Новый этап становления немецкой диаспоры Алтая связан с активизацией крестьянского переселенческого движения. Именно в конце XIX - начале ХХ вв. Формируются основные сельские районы расселения немецких переселенцев. Всего на Алтае на рубеже веков возникло три района массового поселения немецких крестьян. Первые два района находились в Кулундинской степи. На базе первого района, представлявшего собой компактное поселение колонистов, в последствие был образован Немецкий район (1927 г.). Второй район располагался на юге Кулундинской степи и представлял собой дисперсно расположенные поселения. Центом притяжения обоих районов являлся г.
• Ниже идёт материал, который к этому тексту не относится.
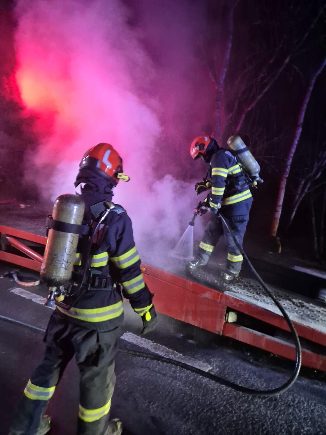 Momente tensionate în cursul nopții, pe raza localității Răstolița, unde o remorcă ce transporta patru autoturisme a fost cuprinsă de flăcări.
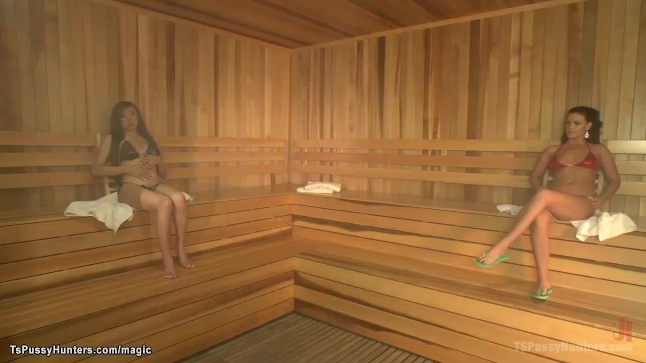 Brunette Asian shemale Venus Lux gets horny in steamy sauna beside sexy brunette Roxy Raye then takes her and anal fucks with big dick in toilet

Славгород (1907 г.). Основную часть немецкого населения этой зоны составляли меннониты. Третий район расселения немецких переселенцев располагался на юге Алтайского округа в Бель-Агачской степи. Центром тяготения его являлось крупное торговое с. Змеиногорское. Однако с проведением в 1913-1914 гг. Алтайской ж. д. немецкие хозяйства переориентировались на с. Рубцовск. Значительная часть его сегодня находится на территории современной Республики Казахстан. 

Переселенческие процессы рубежа веков привели к тому, что в составе немецкой диаспоры региона стали преобладать сельские жители. Численность диаспоры к началу Первой мировой войны (1914 г.) достигла уже цифры в 40 тыс. человек.

Что представляли собой немецкие переселенцы в социально-экономическом аспекте накануне Первой мировой войны?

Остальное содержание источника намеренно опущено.